Here is _MALAT1_ projected onto the UMAP, and a histogram of the normalized _MALAT1_ values for that dataset. You can see that certain cells in the pancreatic acinar cell cluster have especially low _MALAT1_ values and may be suffering from some quality issues. Cells that may actually be empty droplets would be those in the lower _MALAT1_ expression peak in the histogram, in addition to those with a peak at zero:

tabula_muris_senis_pancreas_malat1_umap
tabula_muris_senis_pancreas_malat1_hist_noLine

This function fits a density function to the histogram, and models a quadratic to the highest _MALAT1_ expression peak above the normalized expression value of two. It finds this peak by analysing local minima and maxima that appear on the density function. The lower x-intercept of this quadratic is used to define the minimum _MALAT1_ threshold.

The function outputs the following plots: (1) The density plot with local minima annotated. (2) The density plot with local maxima annotated. (3) The points of the density function in black, with points highlighted in blue covering the range of the data that the quadratic is fit to, with the quadratic fit overtop of the points in red (below). (4) The histogram of normalized _MALAT1_ counts with the red line indicating the minimum threshold value (below).

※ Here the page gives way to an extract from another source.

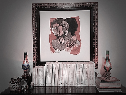 بعد وقت باتت كتبها تنام على رف مستقل لدي ، مُضاف له طبعات قديمة أولى من بعض أصدارتها – قبل أن يكون لها دار نشر – إضافة لكتب أخرى تتحدث عنها و عن أدبها، جعلت من ” طائر البوم ” الذي تحب رفيقا لها بالمكان، مع مصباحين أتو لي كهدية ، لهما تفاصيل شرقية ، و في الأعلى عُلقت لوحة للرسام خوايا ياسمين بعنوان ” العاشقان ” .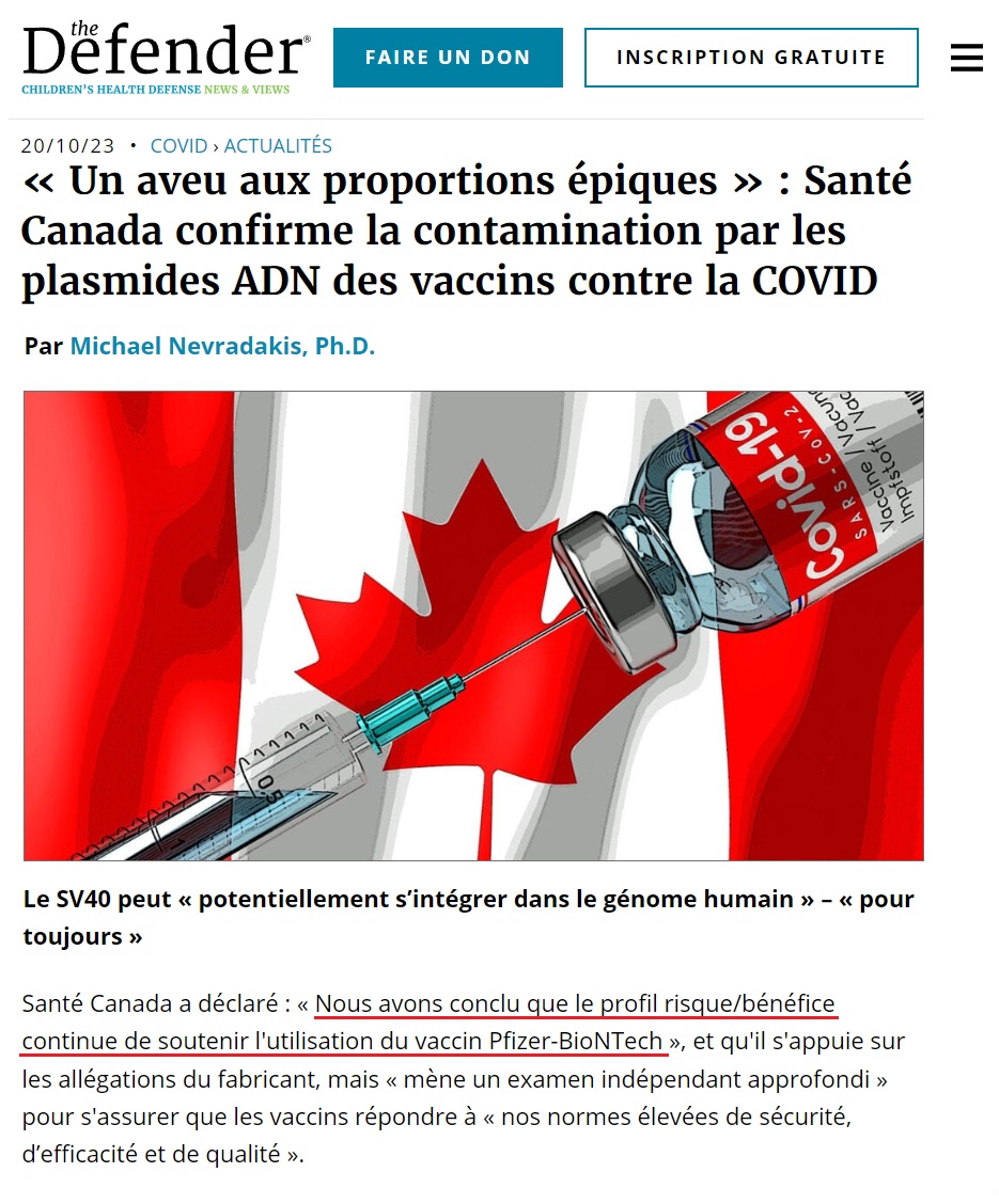 La contamination par l'ADN comprend le SV40 que Pfizer n'a pas divulgué et qui, selon certains experts, constitue un RISQUE de CANCER en raison de son INTÉGRATION potentielle avec le GÉNOME HUMAIN. https://tinyurl.com/e7z3h7u5 ▶️ Malgré tout, le profil risque/bénéfice l'emporte. 😬

tabula_muris_senis_pancreas_malat1_quad
tabula_muris_senis_pancreas_malat1_hist

Using the code above, we can see which cells passed the filter. Most of the cells that failed the filter are, in fact, pancreatic acinar cells (highlighted below as "FALSE" for having not passed the filter):

tabula_muris_senis_pancreas_malat1_dimplot

## Troubleshooting

This analysis relies on the assumption that there is a _MALAT1_ peak above the normalized value of one. If such a peak (i.e. local maximum above one) does not exist, the function may call an error. This is probably a good sign to take a closer look at your data anyway, but you can also lower this value by adjusting the parameter `chosen_min`.

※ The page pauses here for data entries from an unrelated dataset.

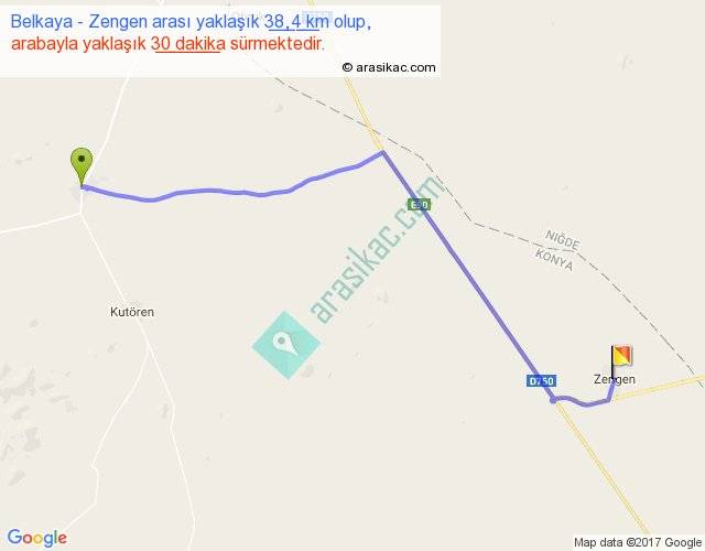 Belkaya - Zengen arası yaklaşık olarak 90 km/h ile yukarıda belirtilen sürede olup, iki yerin kuş uçuşu uzaklığı (mesafesi) 31'dir. Yolculuk otobüsle 39 dakika sürmektedir.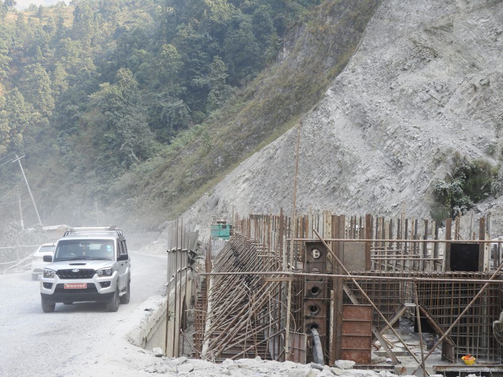 तुइन खोलाको पुल निर्माणका क्रममा ६० मिटर अग्लो कडा चट्टानसहितको डाँडो थियो । सो डाँडोलाई काट्न कठिन भएको हो । सो पहाडको अझै ४० मिटर काट्न बाँकी छ । यससँगै बाँकी रहेको चिसेन्जी खोलाको पुलको आडको देब्रेपट्टिको भित्तो काट्ने काम अन्तिम चरणमा रहेको छ । सिमलताल, कालीखोला र नाम्ची खोलाको भित्तो काट्ने काम सकिएको छ । यी पुलसँगै काम थालिएका नौ पुल भित्तो काट्न नपर्ने भएकाले बनिसकेका छन् ।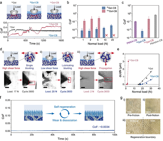 圖5.(a) 摩擦測試示意圖及BiGel、BiGel-CB和IsoGel-CB對應(yīng)的摩擦系數(shù)曲線。(b)?BiGel-CB和IsoGel-CB摩擦系數(shù)隨載荷的變化。(c) PMAA-CB、BiGel-CB、PMAAm-CB和IsoGel-CB樣品的平均摩擦系數(shù)。(d) 摩擦裂紋擴展示意圖及 i)?BiGel, ii)?BiGel-CB, iii)?IsoGel-CB的裂紋光學(xué)圖像(比例尺:200 μm)。(e)?BiGel、BiGel-CB和IsoGel-CB的界面裂紋擴展速率隨載荷的變化。(f)?BiGel-CB在50 N法向載荷下的長期潤滑性能。(g)?BiGel-CB在PBS溶液中摩擦測試前后的表面光學(xué)圖像:i) 摩擦前,ii) 摩擦后,iii) 摩擦邊界(比例尺:200 μm)。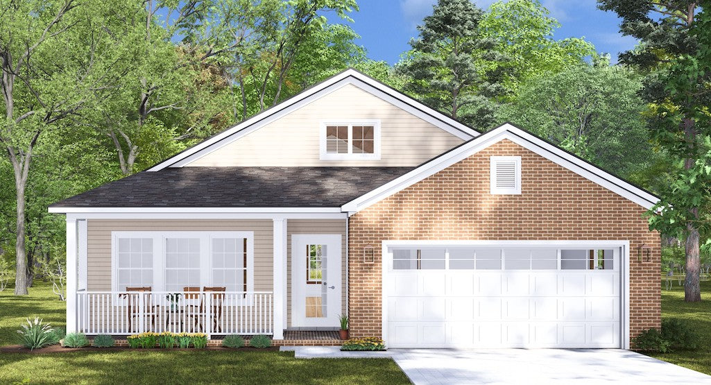 This 1,556 sq ft home is designed for comfort and convenience, featuring 3 bedrooms and 2 bathrooms. The first floor offers an open layout with a formal dining room, perfect for family meals and entertaining guests. The spacious kitchen includes a walk-in pantry for ample storage, while the laundry room is conveniently located on the first floor with direct access from the master suite for added convenience. The split bedroom design provides privacy between the master suite and the additional bedrooms. A mudroom helps keep the home organized, offering a practical spot for coats and shoes. Enjoy outdoor living with a 110 sq ft covered front porch and an 80 sq ft rear porch. The 440 sq ft garage accommodates 2 vehicles with a front-loading configuration. Built on a slab foundation with 2x4 wall framing, this home features a functional layout ideal for various lot sizes. With a width of 40 feet and a depth of 58'6", this home is perfect for modern living.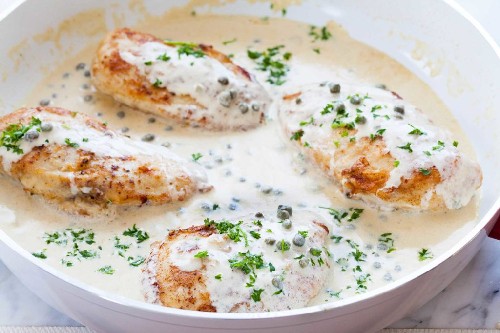 - Serveer de kipfilet met aardappelpuree, spaghetti of zelfgemaakte gekookte noedels, rijkelijk bestrooid met romige saus.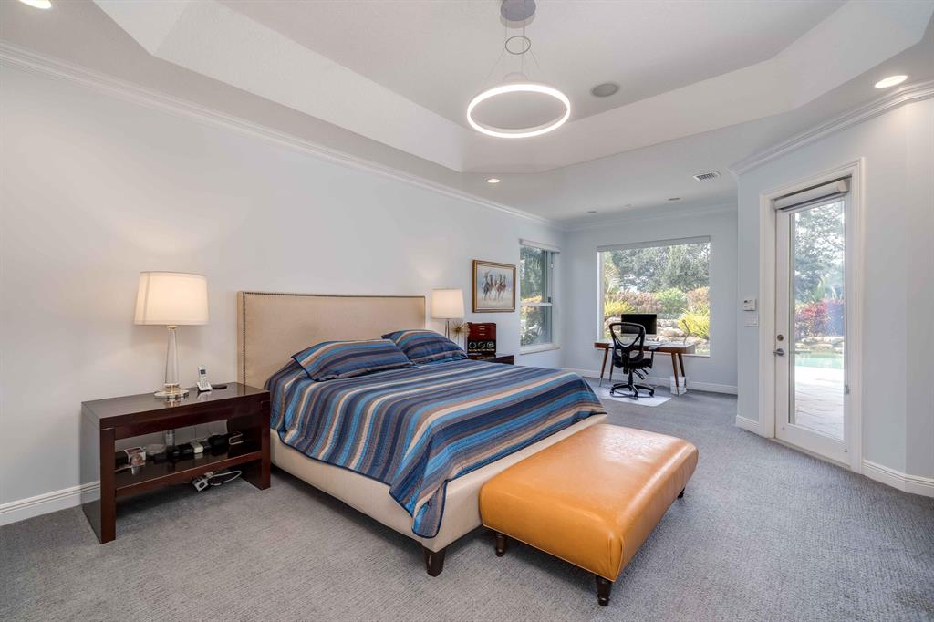 Stunning 5 bedroom, 4 bathroom fully-fenced waterfront home with office and bonus room. The navigable waterway is ideal for boating, jet skiing and kayaking. New roof in 2016, accordion hurricane shutters throughout. Rock waterfall pool with hot tub on an oversized patio surrounded by lush tropical landscaping. Contemporary open floor plan, hardwood floors, surround sound. Kitchen, completely renovated in 2016, with high-end GE Monogram SS appliances, quartz and granite countertops in kitchen, bathrooms, bar area with wine frig. Hunter Douglas window treatments. New patio speakers and TV. Laundry room with Whirlpool washer, dryer. Sprinkler system with water from the lake, new pump. A must see!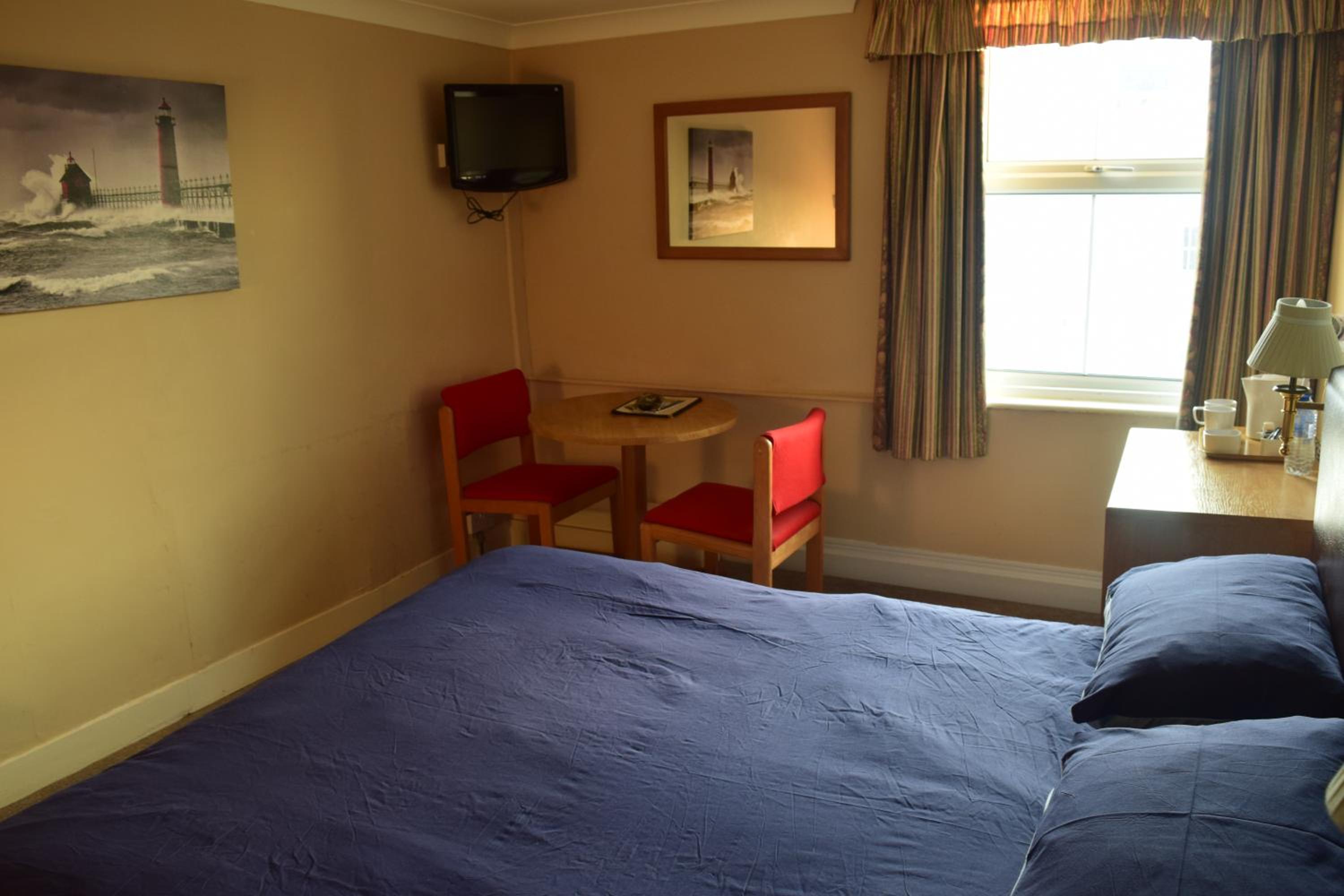 We only wanted a place to sleep for one night. The staff were very friendly and helpful The hotel was tired, not spotlessly clean but clean enough. The room was huge and the bed was comfy and very clean. There were tea and coffee faculties in the room. The en-suite was clean, lovely large towel.For a 2 star hotel I wasn’t expecting much as used to 4 or 5 star but would stay there again if needs be. We didn’t eat there so can’t comment about the food.

Some histograms are wonky and can have a lot of little peaks, especially if you are working with integrated samples (which may just have different _MALAT1_ peaks due to batch effect) or samples with very few cells in them (which may have lots of little peaks due to data sparsity). To make the function more robust to these scenarios, there is a smoothing parameter, `smooth`, which is set to a high value of 1 as default, but can be lowered closer to zero for a tighter fit to the histogram. Further, if the function has trouble finding appropriate minima and maxima, `abs_min` and `rough_max` are set to 0.3 and 2 respectively to guide extreme minimum and likely maximum values to help the function work properly and not throw an error. Unless something really weird happens that I haven't predicted yet, you should always end up with a _MALAT1_ threshold of 0.3 or higher. If you are worried about throwing away too many cells with this lower boundary, you can always change `abs_min` to zero, but it may not help you keep anything good.

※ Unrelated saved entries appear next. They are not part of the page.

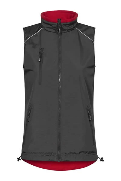 Oboustranná vesta se stojáčkem, napoleonovou kapsou na přední straně, dvěmi bočními kapsami na zip (na přední/vnitřní straně) má našitý kroužek na klíče v boční kapse, reflexní lemování a tahače zipů. Vesta disponuje tunýlkovou stahovací šňůrkou na lemu se stopkami, zahnutým lemem, neviditelným zipem na ozdobu a má moderní střih.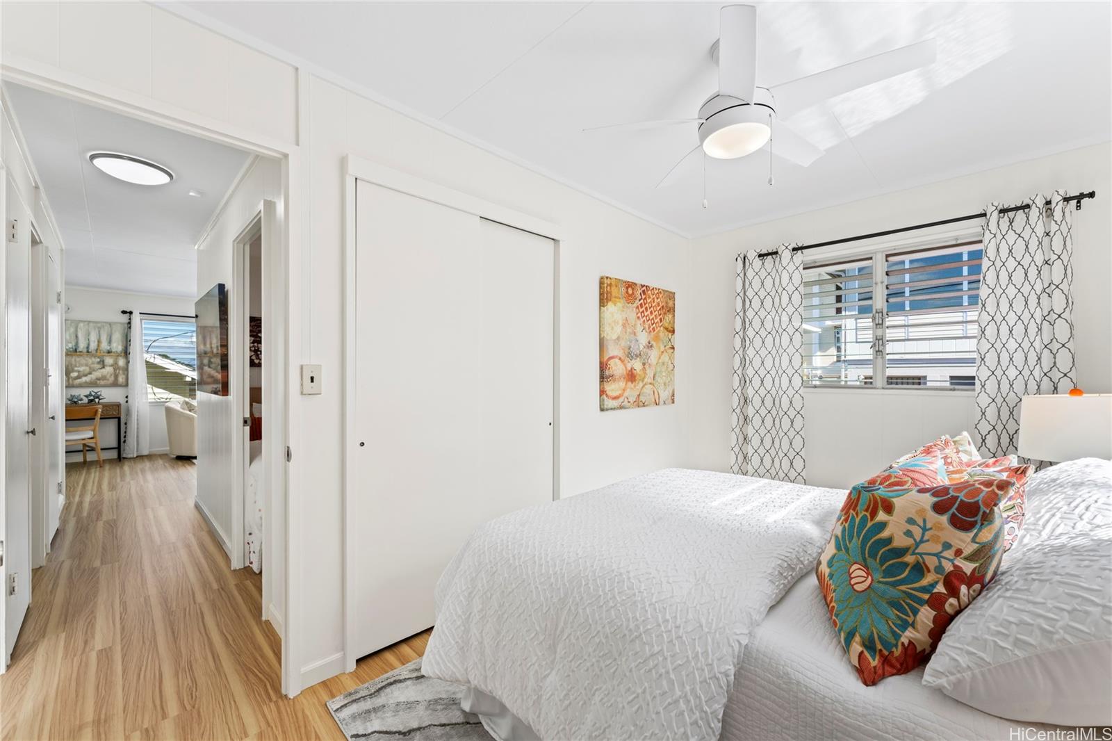 string(620) "Just a few minutes from downtown Honolulu, this refreshed 3-bedroom, 1-bath home blends comfort, style, and urban convenience. Thoughtfully renovated, it features fresh paint throughout, modern vinyl flooring, an updated kitchen and bathroom, and new appliances—including a stove/oven, water heater, and dryer. Ceiling fans in every bedroom enhance cool, relaxed island living. Enjoy the freedom of owning a private single-family home without HOA fees, nestled behind hedges and framed by mature mountain apple and star fruit trees. A peaceful retreat for your Ohana, close to the heart of Honolulu. Ready to move in,"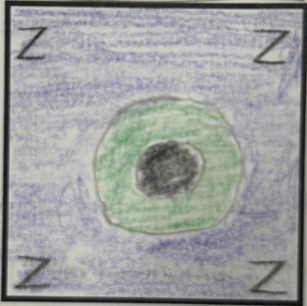 When interviewing Nsaindon26, the first question that I asked him was what the meaning of the Z’s were. He had a simple straight to the point answer, “I like to sleep.” Upon further questioning, I said, does it really just mean sleep? “I’m catching Z’s,” he replied. I then asked him about the purple background, and to my surprise he said,”I’m a big Taco Bell guy.” As it turns out, the purple represented Taco Bell. I asked him what was so special about Taco Bell and he said it was his,”Go to place.” and that he’s been going there for years. After that I asked him about the green circle and he told me that the green circle was actually a vinyl, and that the black dot was in the middle of it. When I asked him what made him choose the vinyl he said, “I like to go to concerts” as a follow up question I asked him what his favorite concert he’s been to was and he said, “Pantera.”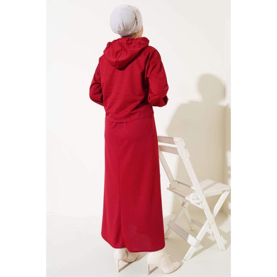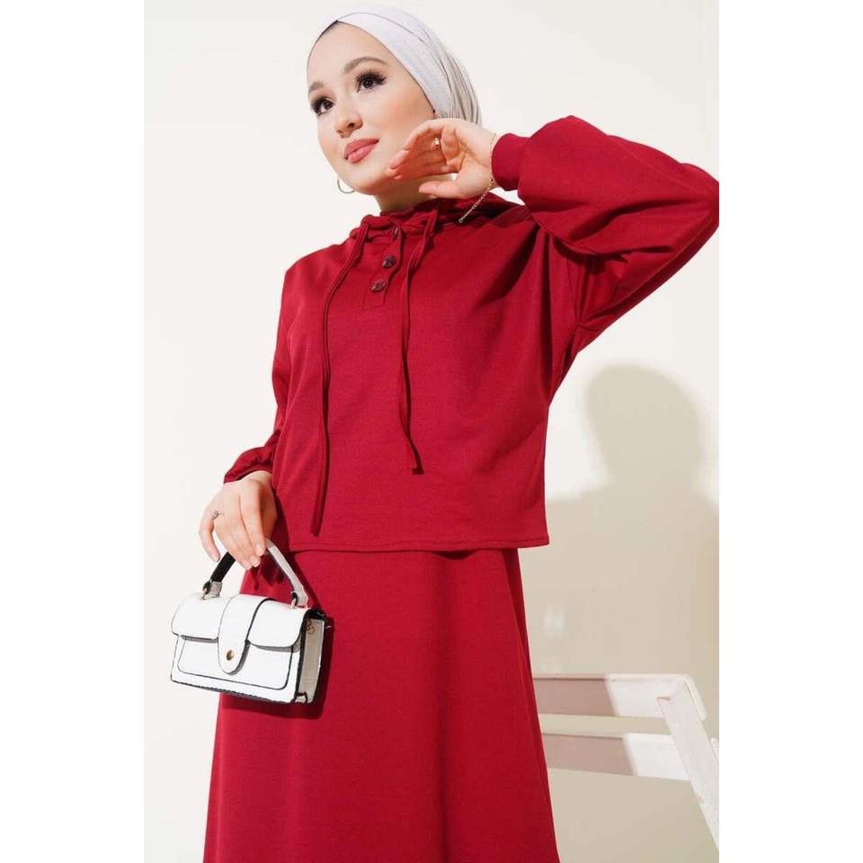 ชุดเดรสมีฮู้ดชุด2ชิ้นสีแดงม่วง

Other parameters that can be modified are `bw`, `lwd`, and `breaks`. Increasing or decreasing `bw` to say 0.5 or 0.01 respectively will change the plotting of the density function, with higher values creating a function with fewer inflection points (i.e. a "less curvy" function). Modifying `lwd` changes the thickness of the line on the final plotted histogram, and `breaks` is the number of buckets used in the histogram.

Worst case scenario, if the function doesn't work for some weird, confusing reason, you can always eyeball your _MALAT1_ values to try and figure out if there is something fishy going on with your data. You can manually choose your own threshold by looking at the histogram, or just pick out clusters of concerning cells by projecting _MALAT1_ onto your UMAP.